At times in life, our life shifts into different directions that are out of our control. Today I experienced a shift that totally not only knocked me off my feet, but again the wall so hard that I can’t move. Trying to find a job in the writing and research field is hard enough ( hell, a job period), but finding out that you can no longer get the education to continue to try to be on the way of success is a hard blow. I found out that I can’t finish pursuing my PhD. On this blog, I like to keep it real with my readers and give it to you straight no chaser. I know that set backs and things happen. I also know that it’s not the end of the world and I will be able to finish, but right now, in this moment, I feel like someone has taken my air supply for me to breathe. Due to financial reasons, I am unable to finish school at the moment. I know that many have been where I am, and even more have experienced this same situation, but this is my current reality. The reality that I feel like I’ve failed. Parents raise their children to follow the directions, law and get a good education. I have done all of that and yet it seems like it was for nothing. Being a PhD student has taught me a lot about myself and to endure patience in the inevitable. Even though I only have 3 classes until I start writing my dissertation, I guess patience is something I still have to endure before I am able to go back to school. Ah, the irony!
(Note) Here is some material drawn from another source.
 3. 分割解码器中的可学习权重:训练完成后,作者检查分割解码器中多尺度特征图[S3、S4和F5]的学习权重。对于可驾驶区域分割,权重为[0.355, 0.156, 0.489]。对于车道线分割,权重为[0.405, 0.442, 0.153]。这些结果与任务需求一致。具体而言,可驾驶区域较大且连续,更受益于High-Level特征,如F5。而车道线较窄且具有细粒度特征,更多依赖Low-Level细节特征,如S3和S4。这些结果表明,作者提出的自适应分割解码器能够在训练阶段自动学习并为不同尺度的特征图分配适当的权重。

Not working in a field or job that is tolerable is the worst kind of agony that I don’t wish on anymore. At first it’s like, ” Okay, I’m going to be fine. I have a savings that will hold me for a while.” Then it turns to, ” Holy shit! I’m out of money, what am I going to do?” The unthinkable of not wanting to feel even more like a failure or lame you turn to those parents who taught you how to make it on your own and tell them not only have you failed, but school is deferred. It’s something like a hard blow to the head on the way down to the floor. Now, I’ve never been hit in the head, but I can imagine the pain that comes with it. I know some of you may be thinking, ” It’s not the end of the world, you will go back when you get the funds.” I hope that does happen. Its just an initial shock. I’m still struggling to find work and I’m no longer in school. I have to take a leave of absence for a while just until things change.
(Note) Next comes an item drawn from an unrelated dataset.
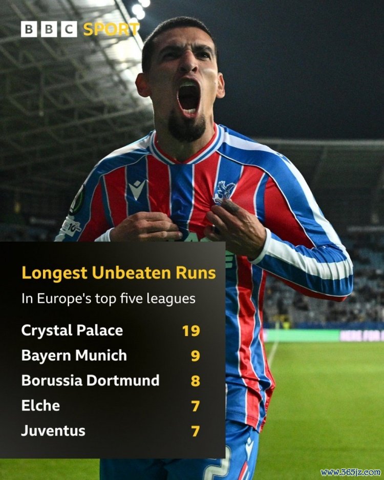 10月3日讯 BBC统计了目前五大联赛球队的不败场次,并列出榜单,马赛足球直播水晶宫19场居首, 田径新闻拜仁9场次席。

This is currently how I’m feeling. Determine what the next step is for my life, if there is a next step to take. Im doing all I can by applying for jobs everywhere on a daily basis. My dream of successful writer is still in the works because I am writing or at least I will be. I opened up a manuscript that I had started and read it. It’s a love story and yet I just keep staring at the chapter 3 mark. We will not even go there in the relationship department. Granted, I want to be happy and have a successful relationship that will lead to marriage, but right now I don’t know if I’m coming or going. I just keep asking myself, ” Why do good people get the shittiest hands in life?” I understand the concept of life happening and things are never perfect, but it’s like every time you turn around it’s always something. Well, I think I’m done turning. What can happen if I stand still? Oh yea, nothing, lol. At least if I’m turning, I’m moving, right? Prayer has been my best friend and my journal has been my right hand. In due time I will have a good job and school will resume. The dream is not put off, it’s just a dream deferred.